4. Un teologo ha voluto tentare questa impresa, ed è piuttosto notevole che la sua spiegazione sia simile a quella tentata dal Papa emerito Benedetto XVI, nonostante l’autore, al pari di Jacques Dupuis, sia anch’egli debitore per la sua ispirazione alle ricerche di John Hick.
Gavin D’Costa – è questo il suo nome – è nato nel 1958 in Kenia ed è immigrato in Gran Bretagna nel 1968; ha studiato teologia all’Università di Birmingham sotto la direzione di John Hick. In seguito ha insegnato al West London Institute, all’università di Bristol. Egli è stato professore a Roma, successivamente nel 1998 è stato professore all’Università Gregoriana e negli anni 2020-2021 alla Pontificia Università San Tommaso d’Aquino.

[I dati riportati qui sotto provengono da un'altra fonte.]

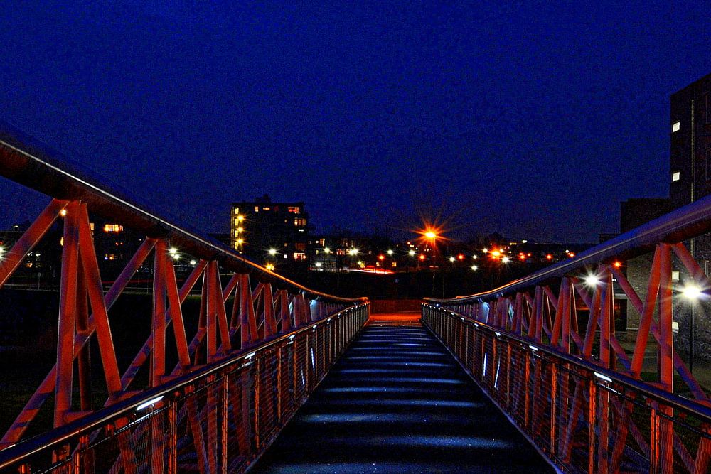 De fietsbrug over de rondweg, gezien vanaf het fietspad langs het Amsterdam Rijnkanaal richting het Schoneveldsepad in de wijk De Muur in Houten Zuid-West.

Le sue ricerche vertono sulla teologia del dialogo interreligioso  e il dialogo giudeo-cattolico. Su queste ha pubblicato un libro nel 2019, ma la traduzione in francese è apparsa recentemente, nel 2023, presso le Edizioni du Cerf col titolo: Doctrines catholiques sur le peuple juif après Vatican II [Dottrine cattoliche sul popolo ebraico dopo il Vaticano II].
In circa 300 pagine, il nostro autore cerca di analizzare le fondamentali difficoltà sollevate dalla nuova dottrina inaugurata a partire dal Vaticano II.
Dapprima (capitolo I) egli espone il principio secondo il quale l’Alleanza contratta da Dio col popolo ebraico è rimasta irrevocabile.
In seguito egli ne esamina le conseguenze (capitoli dal II al V).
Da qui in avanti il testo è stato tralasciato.